Whenever you read any book or article for new parents, the most consistent topic which comes up is how to deal with sleep deprivation.
Simply put, when the baby comes, it is assumed that you won’t be able to sleep regularly as you have for the majority of your life due to your parenting obligations. And those assumptions are correct, your sleeping patterns will need to adapt to your baby’s needs.
However, as Mattress Makerspoint out, you still need to get some sleep, and this article is aimed at helping you with that.
Why the Lack of Sleep Can Be Dangerous
If you sleep next to nothing, the following day you will feel the consequences of that. You may feel cranky and irritable, or lethargic and drained.
However, those are minor issues compared to the real danger – your reaction times will slow, which puts you at risk in everyday activities like driving. Sleeping anything less than 5 hours increases this effect dramatically.
‘Sleep when the Baby Sleeps’
You will likely find this tip just about everywhere. However, the way babies sleep and the way adults sleep is fundamentally different and you will need some time to adapt to your baby’s biorhythm.
Some people can shift to several short naps throughout the day without too much effort or negative consequences. However, if you can’t do that, there are some ways you can help yourself.
Cut Out Your Electronics
This tip is not only great for moms, but for anyone who is having trouble sleeping. Stay away from your electronic gadgets at least for an hour before sleeping. That includes computers, TVs, and especially phones.
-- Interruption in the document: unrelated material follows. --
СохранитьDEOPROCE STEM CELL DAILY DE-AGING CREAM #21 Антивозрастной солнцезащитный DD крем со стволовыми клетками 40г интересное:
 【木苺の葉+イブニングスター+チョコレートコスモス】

All of our screens use a backlight which is heavily in the cyan part of the light spectrum. Even if you don’t mind it, this wavelength of light has a profound effect on your sleep patterns.
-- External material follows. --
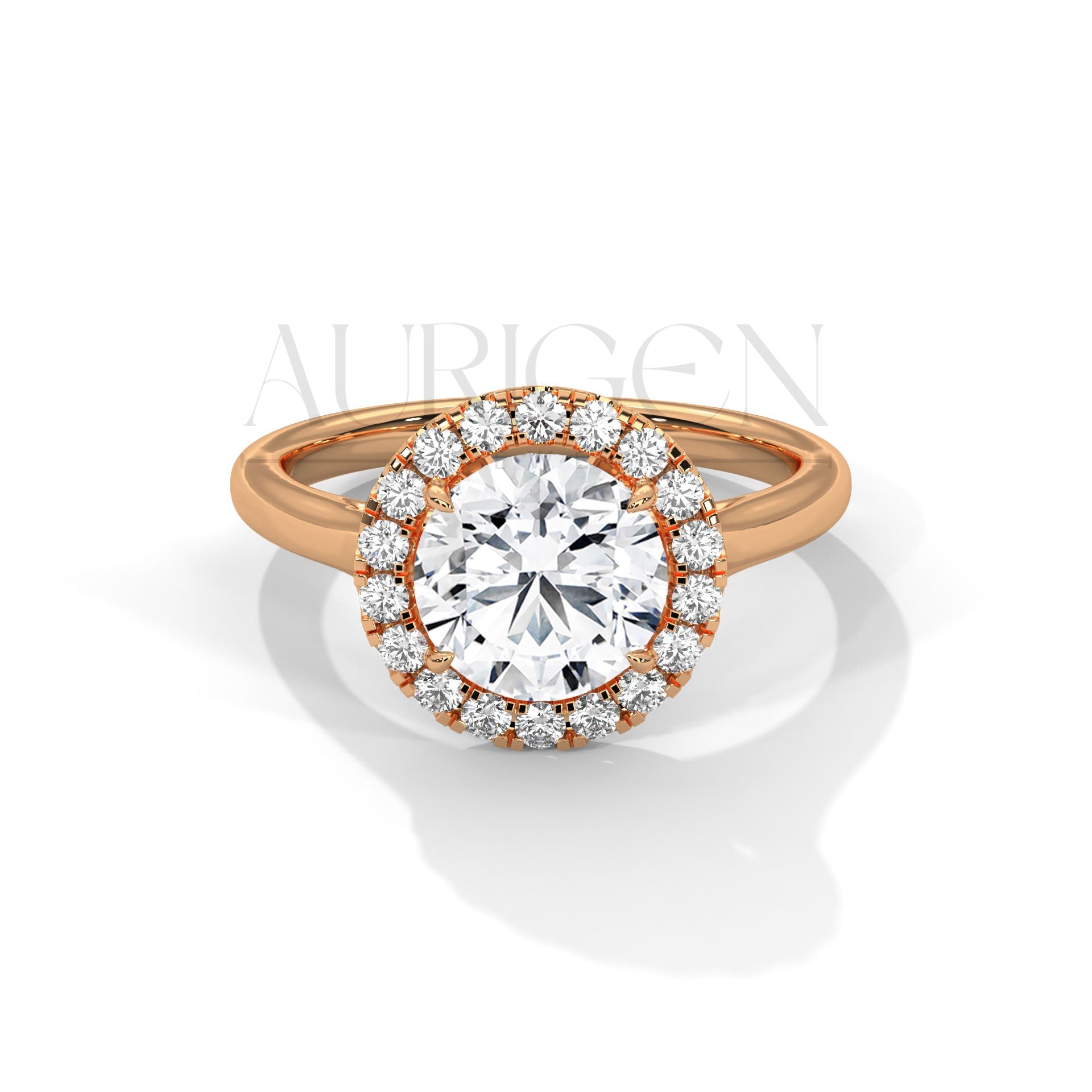 Brilliant Round Cut Solitaire Halo Diamond Engagement Ring 14K Solid Gold Ring

Namely, this color directly affects the amount of melatonin, a hormone responsible for sleepiness. So, let go of your device and your melatonin levels will build up enough to put you to sleep naturally.
Make Sure Your Mattress Is Suitable
You may not have paid attention to the bed you are sleeping on, because you were able to have a normal and quality sleep. Now, however, when every moment counts, you need to make sure that your mattress and your bed are the best fit for you.
If you are not sure which one would be best, you can go down to a mattress store and test out a few, or you can look for adjustable base mattresses, which can help with a lot of your healthy sleep concerns.
Do What Makes You Sleepy
Remember those activities which put you to sleep before? Perhaps it was reading (on paper, remember to avoid screens), or maybe listening to music or radio talk shows.
Those might come in handy when you have a little time to yourself and want to relax and fall asleep more quickly.
Go to Bed Even if Not Sleepy
You may not be feeling tired for any number of reasons, even if your body really needs to rest. The levels of hormones in your body will still be a bit out of order, which may affect a whole slew or normal everyday activities, including sleep.
Experts on this topic suggest to go to bed, or at least take a rest on the couch when you have some spare time. Even if you do not sleep, just resting and relaxing can have a tremendously positive effect on you.
Ultimately, you may even realize how tired and sleepy you are and decide to have a short nap after all. Over the next several months, chances are that you will perfect this tactic and be able to sleep ‘on command’.
Don’t Let Coffee Regulate Your Sleeping Patterns
If you are like most Americans, you start your day with coffee. That extra kick of energy in the morning may come in handy, but don’t be too reliant on it for the rest of the day, because that’s not exactly how caffeine works.
Caffeine will mask how tired you are, but it cannot fix it, nothing but sleep can do that. So, have your morning pick-me-up, but cut yourself off for the rest of the day.
Take a More Relaxed Approach to Chores
Just because you had a baby, it doesn’t mean that the world has stopped. All of your chores are still there, waiting. No matter how you divide the chores in your household, you need to remember that your child and your health come first.
Don’t use the time when your baby is sleeping to vacuum the house or do dishes, those can wait because you need to rest as well.
If you are having these problems with sleep and organizing your time after childbirth, just remember that this initial shock and transition to an unsteady sleeping rhythm isn’t a permanent thing.
Babies tend to sleep for longer periods of time by the 2nd or 3rd month, so you will be able to do the same. By the age of 6 months, your baby will likely sleep all throughout the night, so you will be able to return to your normal sleeping cycle as well.